According to the theory of special relativity, it is impossible to say in an absolute sense whether two distinct events occur at the same time if those events are separated in space, such as a car crash in London and another in New York. The question of whether the events are simultaneous is relative: in some reference frames the two accidents may happen at the same time, in other frames (in a different state of motion relative to the events) the crash in London may occur first, and still in other frames, the New York crash may occur first. If the two events are causally connected (“event A causes event B”), then the relativity of simultaneity preserves the causal order (i.e. “event A causes event B” in all frames of reference).

If we imagine one reference frame assigns precisely the same time to two events that are at different points in space, a reference frame that is moving relative to the first will generally assign different times to the two events.
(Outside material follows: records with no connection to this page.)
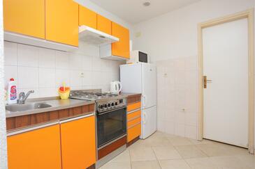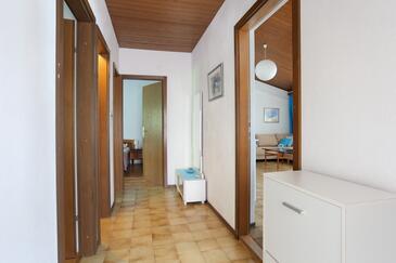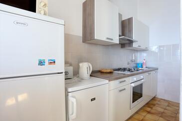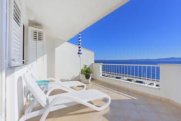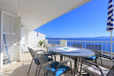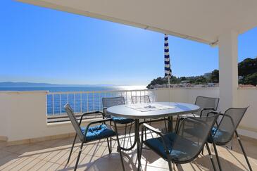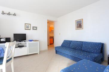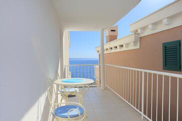 Ferienwohnung bietet Platz für 6 Gäste. Die Betten sind in Schlafzimmern, die es 2 gibt, und in Wohnzimmer, innerhalb einer Gesamtfläche von 67m2, angeordnet. Die Gäste haben eine eigene Terrasse zur Verfügung, auf der sie in warmen Sommernächten genießen können. Das Apartment bietet Meerblick. Es ist erlaubt, Speisen auf dem Gemeinschafts-Grill vorzubereiten.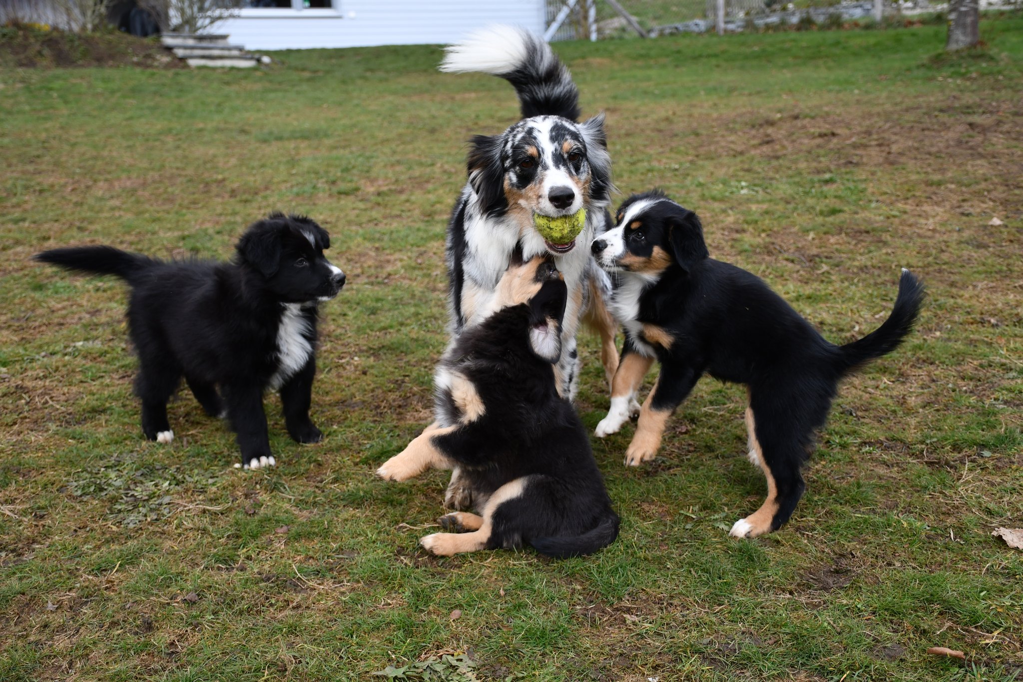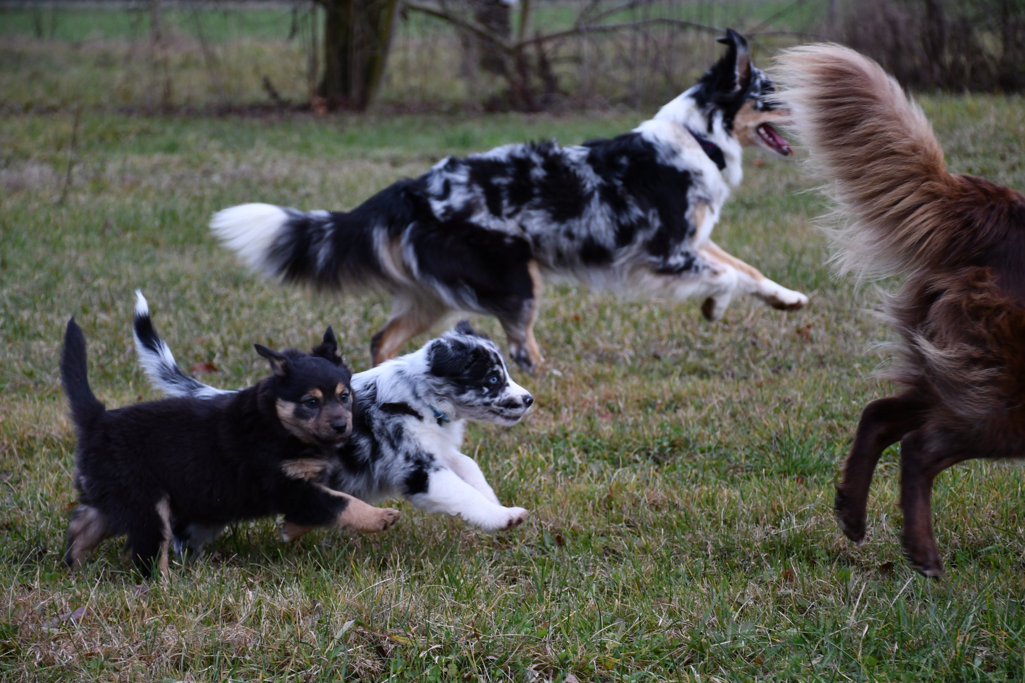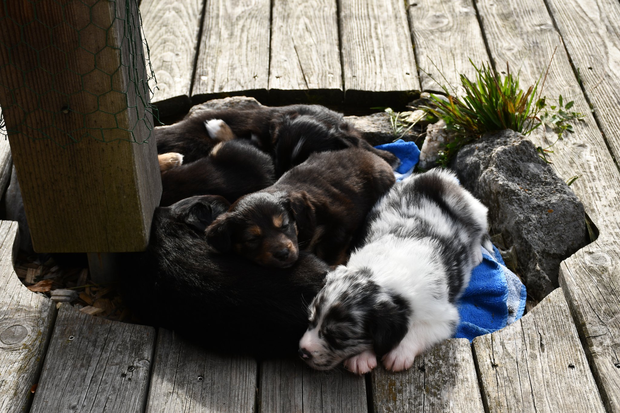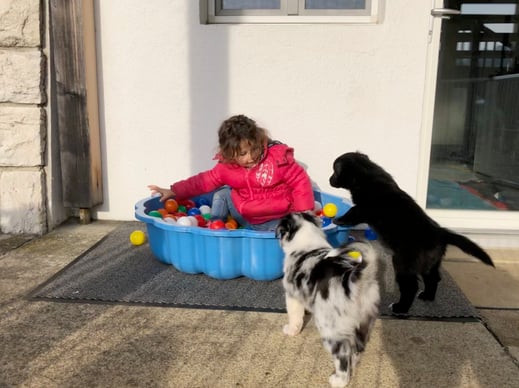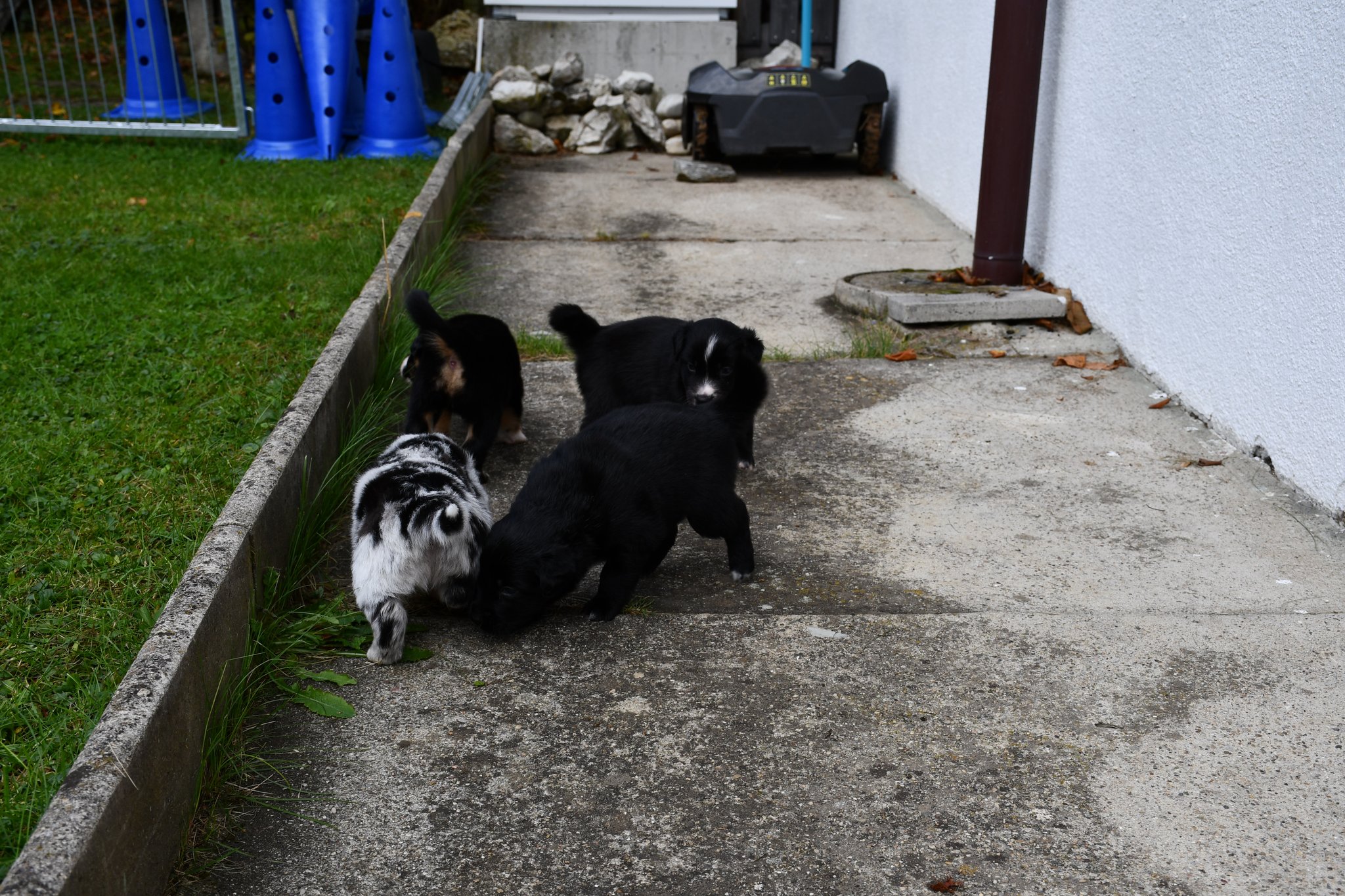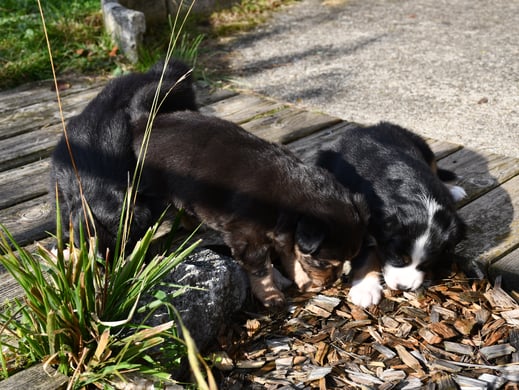 Ein einigermassen scharfes Gruppenfoto zu arrangieren, war bisher fast die schwierigste Aufgabe im A-Wurf Projekt ;-) Der Drang auf den Fotografierenden zuzurennen muss übermächtig sein...
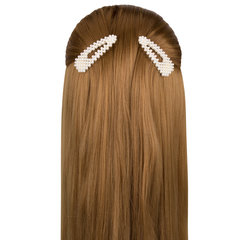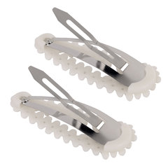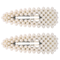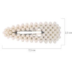 Тип товара: заколка для волос, Цвет: белый, Тип покрытия: глянцевый, Тип заколки: клик-клак, Декор: жемчужинки, Набор: да, Количество в наборе: 2 шт., Размер: 7,5 см, Материал: металл/полистирол, Серия: -, Упаковка: картонная карточка с европодвесом.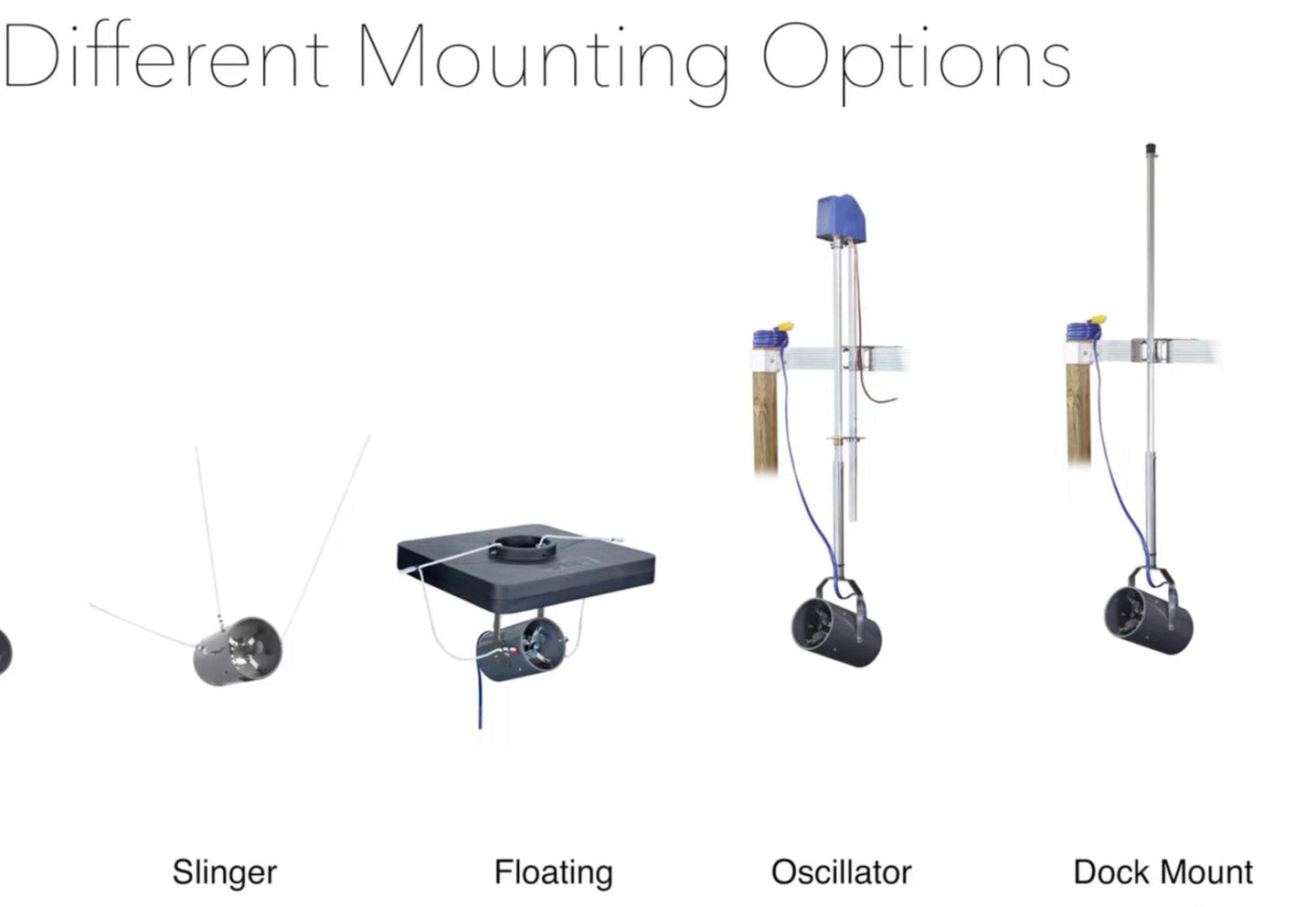 Slinger De-Icer: Can be used to suspend from a boat, pilings or dock using the included nylon ropes to fasten. This option, like the Floating is suitable for varying water levels due to its ability to adjust accordingly.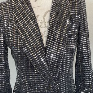 Forever 21 Womens Sz Small Blazer Jacket Dress Tuxedo Sequin Retro Party Holiday Disco Metallic Retro Funky Festival New Year's Eve, Edgy, Glam, Glamcore, Baddie, Club, Disco, Y2K,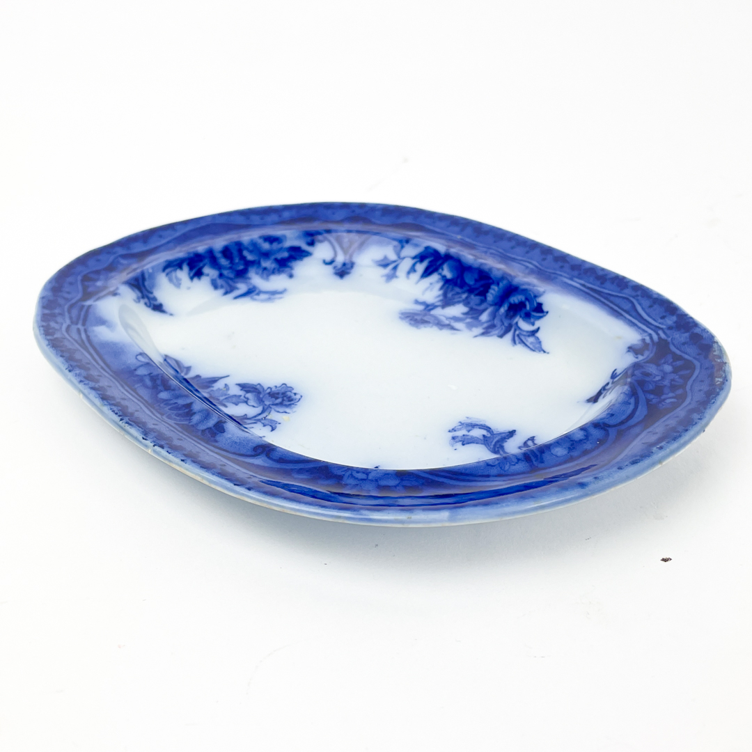 Smuk oval sæbeskål i hvidt og koboltblåt porcelæn fra Edgewood & Co, England.

This is illustrated in the ladder paradox, a thought experiment which uses the example of a ladder moving at high speed through a garage.

A mathematical form of the relativity of simultaneity (“local time”) was introduced by Hendrik Lorentz in 1892, and physically interpreted (to first order in v/c) as the result of a synchronization using light signals by Henri Poincaré in 1900. However, both Lorentz and Poincaré based their conceptions on the aether as a preferred but undetectable frame of reference, and continued to distinguish between “true time” (in the aether) and “apparent” times for moving observers.

In 1905, Albert Einstein abandoned the (classical) aether and emphasized the significance of relativity of simultaneity to our understanding of space and time. He deduced the failure of absolute simultaneity from two stated assumptions: 1) the principle of relativity–the equivalence of inertial frames, such that the laws of physics apply equally in all inertial coordinate systems; 2) the constancy of the speed of light detected in empty space, independent of the relative motion of its source.

## Time Dilation

Time dilation is an actual difference of elapsed time between two events as measured by observers moving relative to each other.

### Learning Objectives

Explain why time dilation can be ignored in daily life

### Key Takeaways

#### Key Points

- Time dilation effects are extremely small for speeds below 1/10 the speed of light and can be safely ignored at daily life.
- Time dilation effects become important when an object approaches speeds on the order of 30,000 km/s (1/10 the speed of light).
- The formula for determining time dilation is: [latex]\Delta \text{t}' = \frac{\Delta \text{t}}{\sqrt{1 - \text{v}^{2}/\text{c}^{2}}}[/latex].

#### Key Terms

**speed of light**: the speed of electromagnetic radiation in a perfect vacuum: exactly 299,792,458 meters per second by definition**time dilation**: The slowing of the passage of time experienced by objects in motion relative to an observer; measurable only at relativistic speeds.**Lorentz factor**: The factor, used in special relativity, to calculate the degree of time dilation, length contraction and relativistic mass of an object moving relative to an observer.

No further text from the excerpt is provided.